Events

TAPSA: In Search of Anti-Discipline: Rethinking Law and Prostitution in Colonial India

January 28, 2021 - 11am

Virtual Event

Zoya Sameen, PhD Candidate in History, The University of Chicago

Historians of modern South Asia have substantively engaged with colonial regulatory approaches to governing prostitution. Many insightful studies have understood laws that criminalized a wide array of Indian women as a means to greater authority and surveillance over local populations—a form of colonial discipline.
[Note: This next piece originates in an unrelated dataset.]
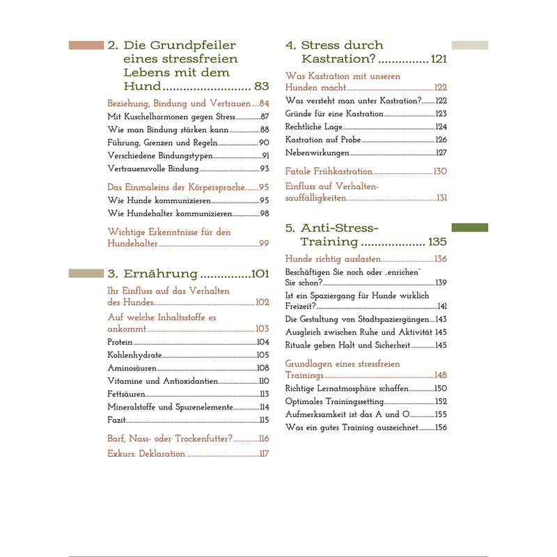 Die Ursachen und teils massiven Folgen von Stress werden ebenso beschrieben wie die Einflüsse von Ernährung und Kastration auf unsere Hunde.

Yet, a predominant focus on discipline has meant that scholars have largely overlooked the inconsistent and ineffective workings of regulatory laws on prostitution as they travelled down the institutional ladder into local policing—the happenings of anti­-discipline.Offering a revisionist history of the statewide regulation of prostitution in colonial India under the Contagious Diseases Acts (1860s-1880s), this talk puts evasion and dissent in the lead of understanding legal interventions into sexual commerce. I examine the considered and purposeful uses of transport technologies, environments, and legal exemptions by different groups of Indian women, including prostitutes, laboring women, and brothel workers to evade detection, registration, and medical examination by colonial authorities. Challenging definitive characterizations of regulatory frameworks as coercive and punitive, this talk argues that Indian women demonstrated popular understandings of law and participated in everyday networks of resistance to contest colonial order from below.